What you have to do
With all pictures omitted, return verbatim the lines from the beginning of the records below through the line containing "- Height and".

Items listed in a dataset:

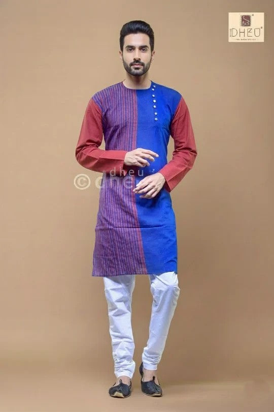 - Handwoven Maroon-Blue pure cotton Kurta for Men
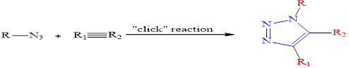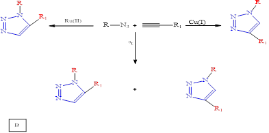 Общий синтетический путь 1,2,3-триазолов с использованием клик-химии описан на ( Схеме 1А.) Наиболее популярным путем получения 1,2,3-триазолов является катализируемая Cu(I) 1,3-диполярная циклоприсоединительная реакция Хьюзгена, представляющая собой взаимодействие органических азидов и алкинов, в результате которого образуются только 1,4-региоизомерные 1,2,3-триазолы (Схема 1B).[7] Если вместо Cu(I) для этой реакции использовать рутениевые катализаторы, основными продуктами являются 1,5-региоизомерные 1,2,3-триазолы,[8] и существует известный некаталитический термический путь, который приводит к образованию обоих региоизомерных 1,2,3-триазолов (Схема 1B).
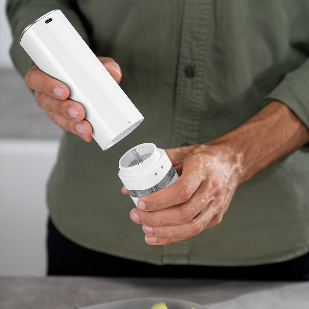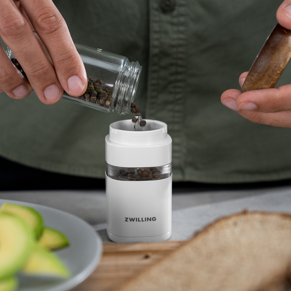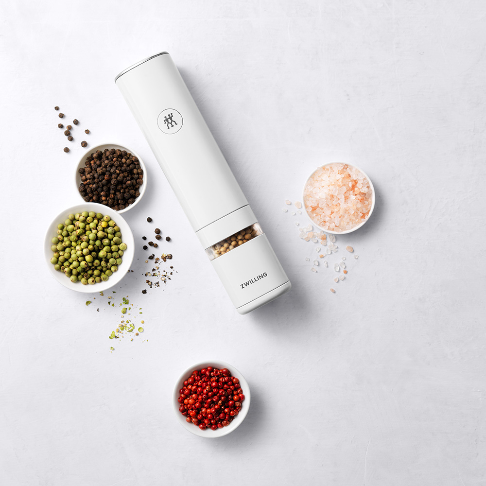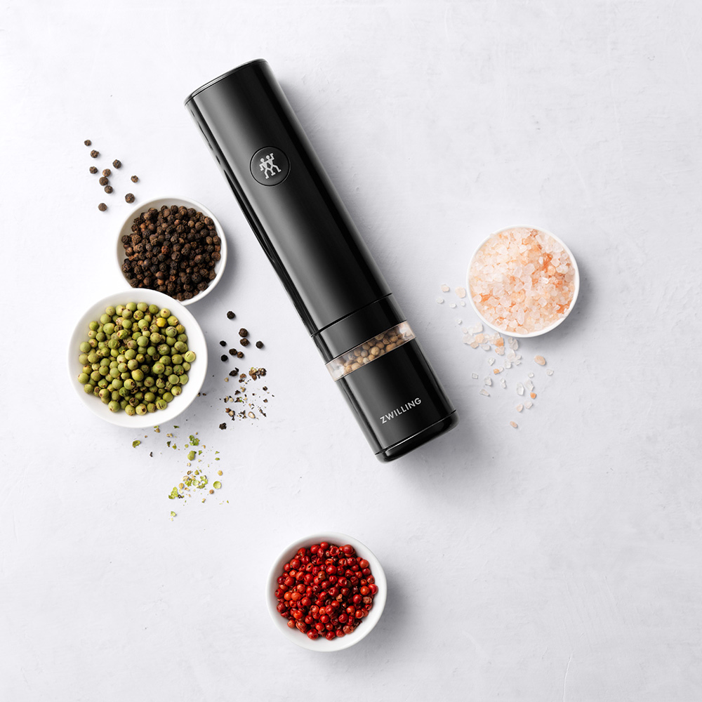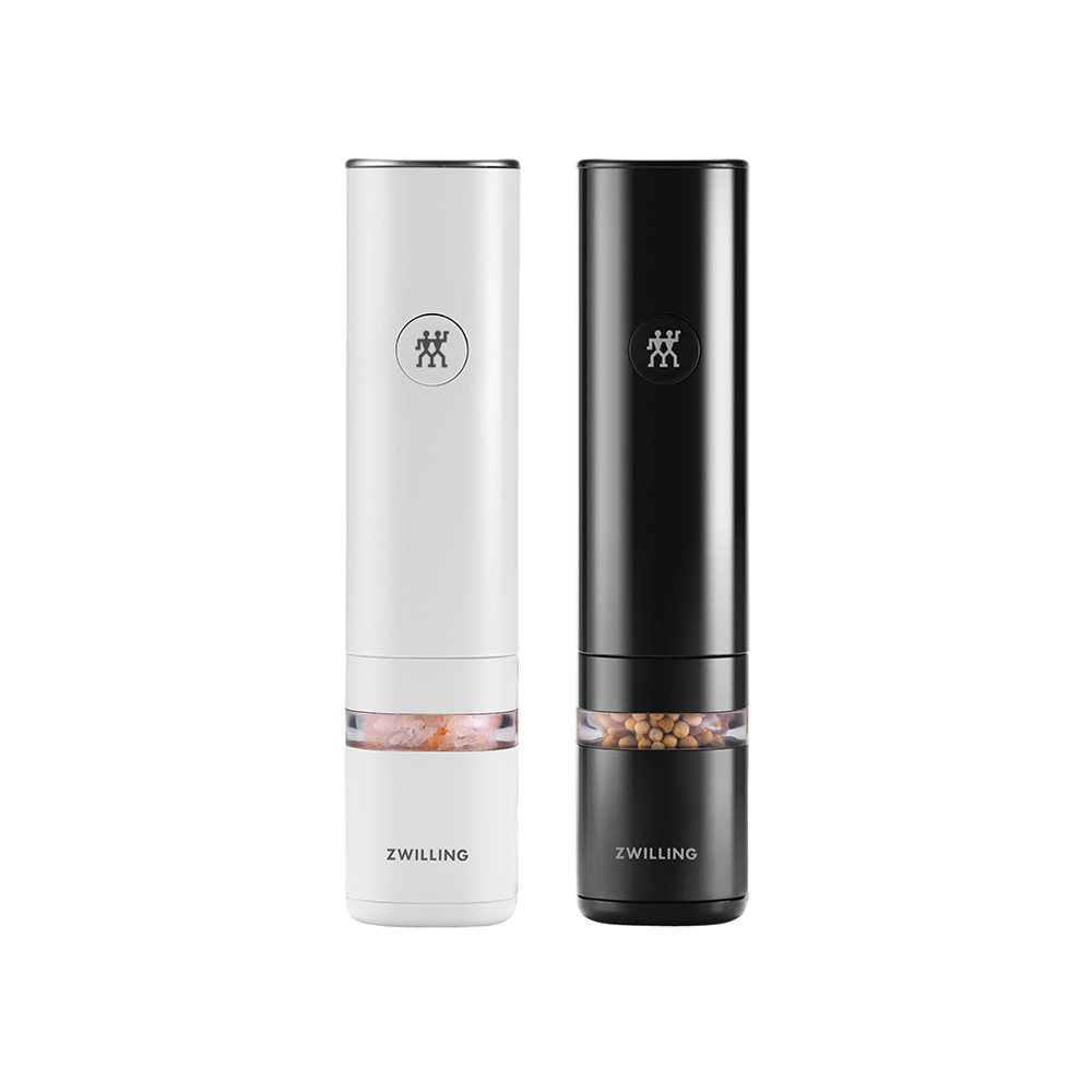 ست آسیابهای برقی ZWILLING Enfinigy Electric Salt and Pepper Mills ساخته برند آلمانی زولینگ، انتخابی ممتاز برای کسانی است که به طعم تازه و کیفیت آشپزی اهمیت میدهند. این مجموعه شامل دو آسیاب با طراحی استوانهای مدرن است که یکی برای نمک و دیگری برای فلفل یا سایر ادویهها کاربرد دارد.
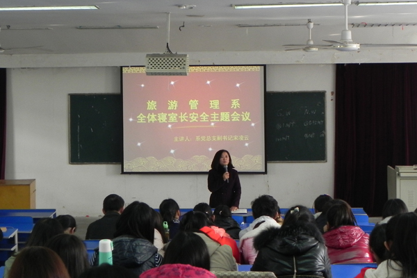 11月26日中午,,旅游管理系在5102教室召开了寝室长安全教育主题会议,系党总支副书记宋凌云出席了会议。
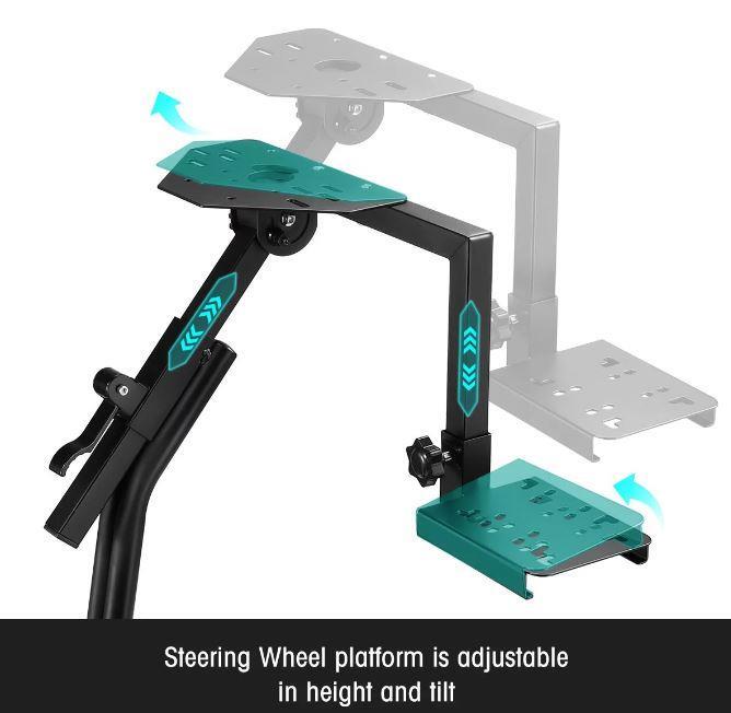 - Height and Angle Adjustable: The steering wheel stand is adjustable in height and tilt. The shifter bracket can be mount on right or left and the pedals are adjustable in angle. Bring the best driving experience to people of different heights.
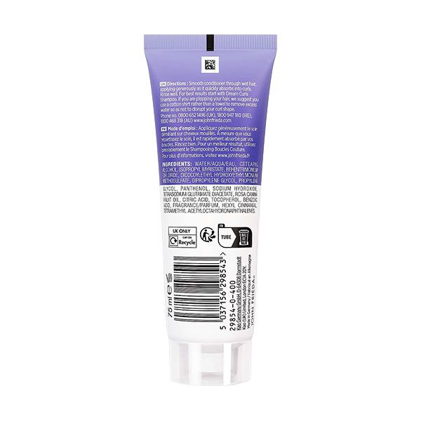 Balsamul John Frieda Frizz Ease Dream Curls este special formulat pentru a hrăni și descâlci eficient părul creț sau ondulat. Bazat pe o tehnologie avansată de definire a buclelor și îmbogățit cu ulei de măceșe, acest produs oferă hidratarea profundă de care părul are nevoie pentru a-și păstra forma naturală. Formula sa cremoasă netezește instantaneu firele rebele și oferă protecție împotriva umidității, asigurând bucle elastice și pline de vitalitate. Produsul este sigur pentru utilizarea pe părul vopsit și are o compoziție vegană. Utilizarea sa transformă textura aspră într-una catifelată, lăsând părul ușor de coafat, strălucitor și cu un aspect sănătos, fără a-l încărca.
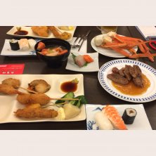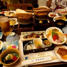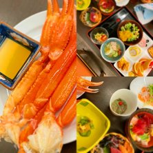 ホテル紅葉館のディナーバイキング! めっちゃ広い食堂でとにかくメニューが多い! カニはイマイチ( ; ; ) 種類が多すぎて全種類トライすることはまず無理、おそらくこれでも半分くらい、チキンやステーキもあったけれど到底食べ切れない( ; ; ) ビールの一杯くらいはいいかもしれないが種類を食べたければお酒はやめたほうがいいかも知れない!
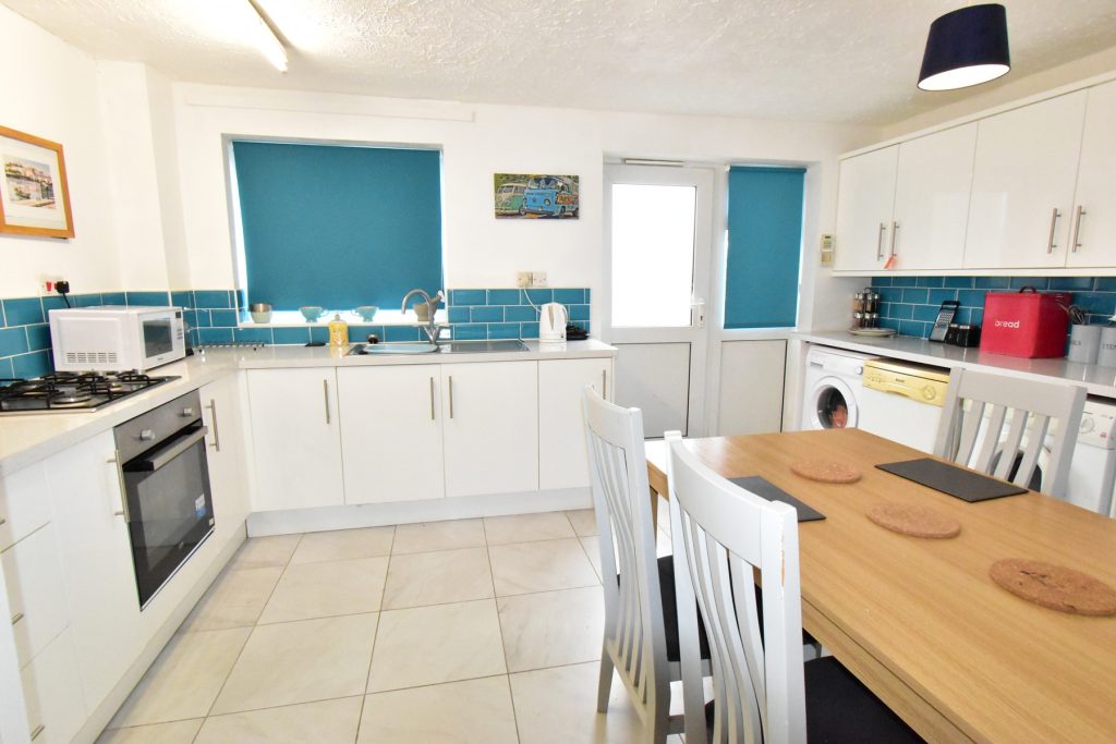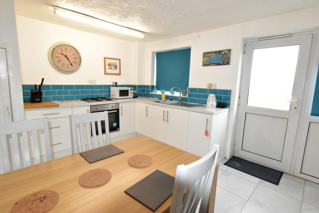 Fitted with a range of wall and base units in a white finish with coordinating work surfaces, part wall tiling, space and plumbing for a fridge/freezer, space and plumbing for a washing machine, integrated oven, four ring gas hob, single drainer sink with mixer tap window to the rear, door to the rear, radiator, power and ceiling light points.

Reply to the task
 - Handwoven Maroon-Blue pure cotton Kurta for Men
 Общий синтетический путь 1,2,3-триазолов с использованием клик-химии описан на ( Схеме 1А.) Наиболее популярным путем получения 1,2,3-триазолов является катализируемая Cu(I) 1,3-диполярная циклоприсоединительная реакция Хьюзгена, представляющая собой взаимодействие органических азидов и алкинов, в результате которого образуются только 1,4-региоизомерные 1,2,3-триазолы (Схема 1B).[7] Если вместо Cu(I) для этой реакции использовать рутениевые катализаторы, основными продуктами являются 1,5-региоизомерные 1,2,3-триазолы,[8] и существует известный некаталитический термический путь, который приводит к образованию обоих региоизомерных 1,2,3-триазолов (Схема 1B).
 ست آسیابهای برقی ZWILLING Enfinigy Electric Salt and Pepper Mills ساخته برند آلمانی زولینگ، انتخابی ممتاز برای کسانی است که به طعم تازه و کیفیت آشپزی اهمیت میدهند. این مجموعه شامل دو آسیاب با طراحی استوانهای مدرن است که یکی برای نمک و دیگری برای فلفل یا سایر ادویهها کاربرد دارد.
 11月26日中午,,旅游管理系在5102教室召开了寝室长安全教育主题会议,系党总支副书记宋凌云出席了会议。
 - Height and Angle Adjustable: The steering wheel stand is adjustable in height and tilt. The shifter bracket can be mount on right or left and the pedals are adjustable in angle. Bring the best driving experience to people of different heights.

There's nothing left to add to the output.